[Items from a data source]
━━━━━━━━━━

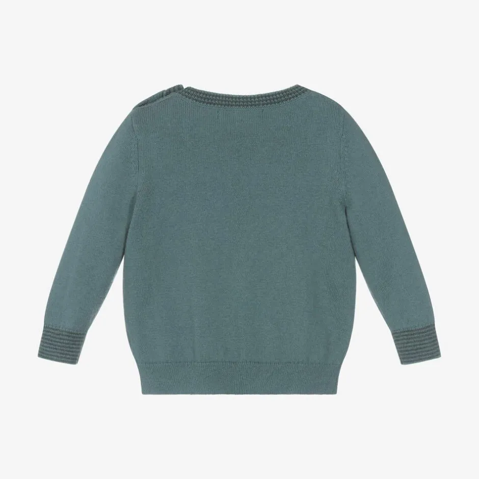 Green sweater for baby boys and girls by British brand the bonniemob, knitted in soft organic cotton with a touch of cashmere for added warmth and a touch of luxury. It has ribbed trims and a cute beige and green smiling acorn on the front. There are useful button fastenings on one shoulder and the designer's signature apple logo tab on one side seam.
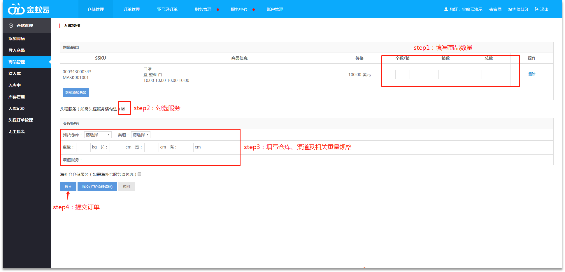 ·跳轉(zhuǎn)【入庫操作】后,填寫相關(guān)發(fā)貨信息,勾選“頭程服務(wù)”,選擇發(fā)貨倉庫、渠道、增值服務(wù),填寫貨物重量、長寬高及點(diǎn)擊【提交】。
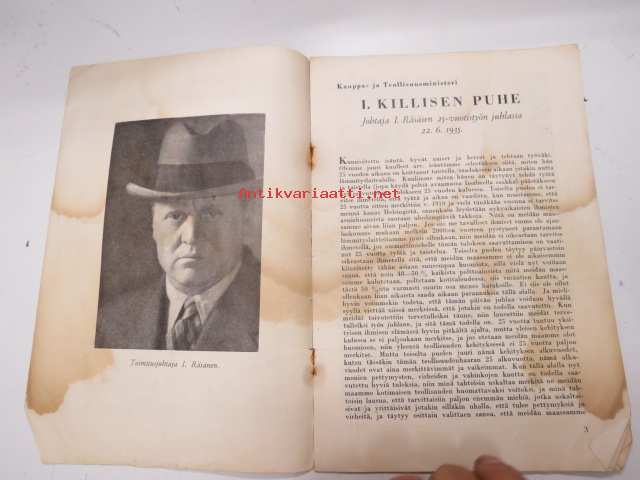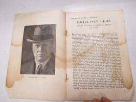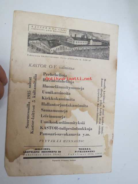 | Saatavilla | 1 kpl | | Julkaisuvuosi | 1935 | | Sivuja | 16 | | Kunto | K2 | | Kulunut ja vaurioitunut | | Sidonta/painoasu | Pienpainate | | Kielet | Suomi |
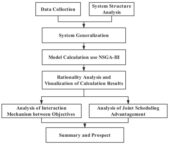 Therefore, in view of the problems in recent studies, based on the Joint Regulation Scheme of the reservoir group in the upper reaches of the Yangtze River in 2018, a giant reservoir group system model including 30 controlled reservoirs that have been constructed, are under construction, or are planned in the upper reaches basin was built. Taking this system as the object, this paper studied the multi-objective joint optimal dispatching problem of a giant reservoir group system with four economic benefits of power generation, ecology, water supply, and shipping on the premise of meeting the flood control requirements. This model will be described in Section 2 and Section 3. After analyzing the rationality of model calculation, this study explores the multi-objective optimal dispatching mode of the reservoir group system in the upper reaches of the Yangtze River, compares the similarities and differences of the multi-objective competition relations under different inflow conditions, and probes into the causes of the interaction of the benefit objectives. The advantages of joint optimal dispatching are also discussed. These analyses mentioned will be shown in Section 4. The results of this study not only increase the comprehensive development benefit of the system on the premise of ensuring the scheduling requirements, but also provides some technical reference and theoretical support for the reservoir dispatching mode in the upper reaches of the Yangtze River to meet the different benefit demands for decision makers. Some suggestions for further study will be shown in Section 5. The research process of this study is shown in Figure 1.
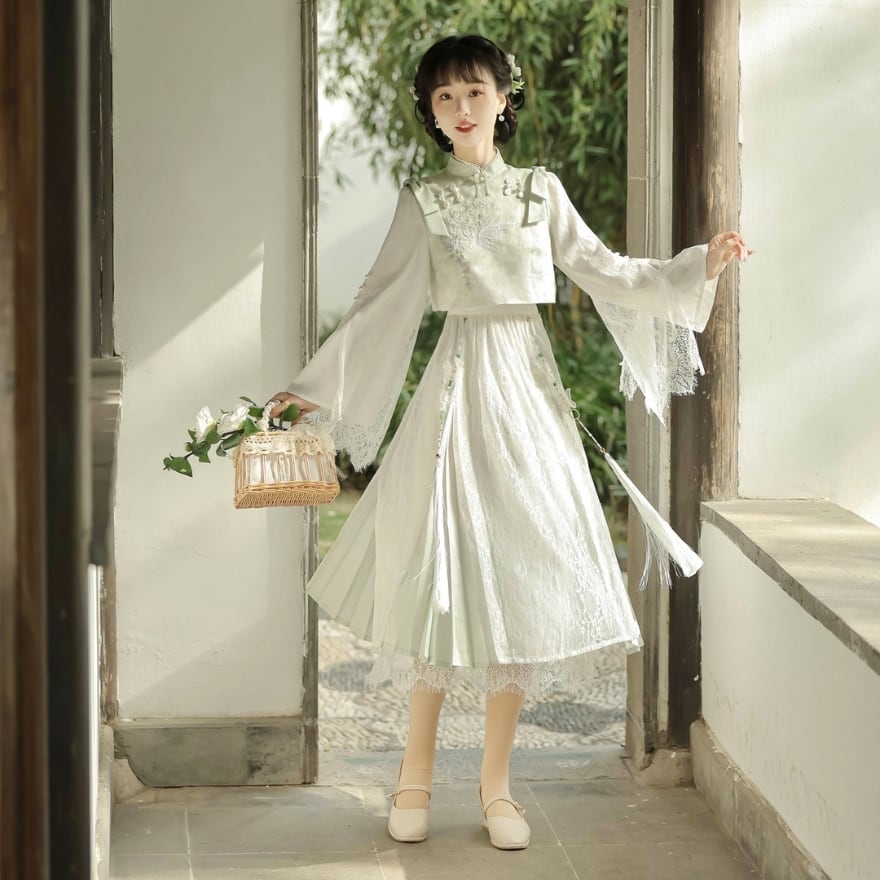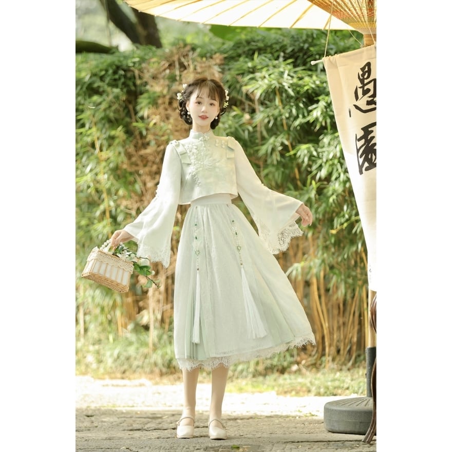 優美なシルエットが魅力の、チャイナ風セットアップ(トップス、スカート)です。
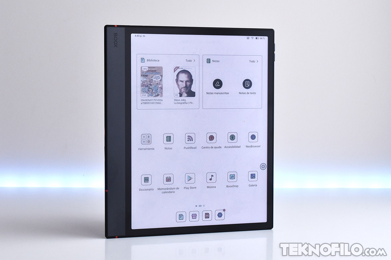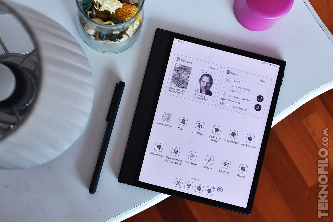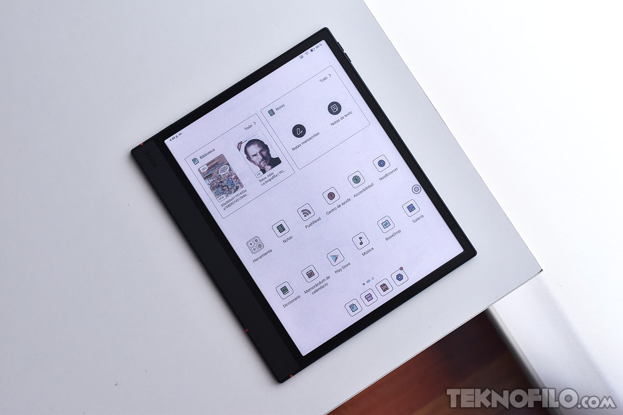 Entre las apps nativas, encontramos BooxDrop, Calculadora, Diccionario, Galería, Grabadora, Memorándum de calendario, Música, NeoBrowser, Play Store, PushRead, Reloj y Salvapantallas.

━━━━━━━━━━

To do: Repeat only what runs from the first line of the records above to the line with "Kielet | Suomi |", both included, word for word, minus the pictures.

Problem solution:
 Green sweater for baby boys and girls by British brand the bonniemob, knitted in soft organic cotton with a touch of cashmere for added warmth and a touch of luxury. It has ribbed trims and a cute beige and green smiling acorn on the front. There are useful button fastenings on one shoulder and the designer's signature apple logo tab on one side seam.
 ·跳轉(zhuǎn)【入庫操作】后,填寫相關(guān)發(fā)貨信息,勾選“頭程服務(wù)”,選擇發(fā)貨倉庫、渠道、增值服務(wù),填寫貨物重量、長寬高及點(diǎn)擊【提交】。
 | Saatavilla | 1 kpl | | Julkaisuvuosi | 1935 | | Sivuja | 16 | | Kunto | K2 | | Kulunut ja vaurioitunut | | Sidonta/painoasu | Pienpainate | | Kielet | Suomi |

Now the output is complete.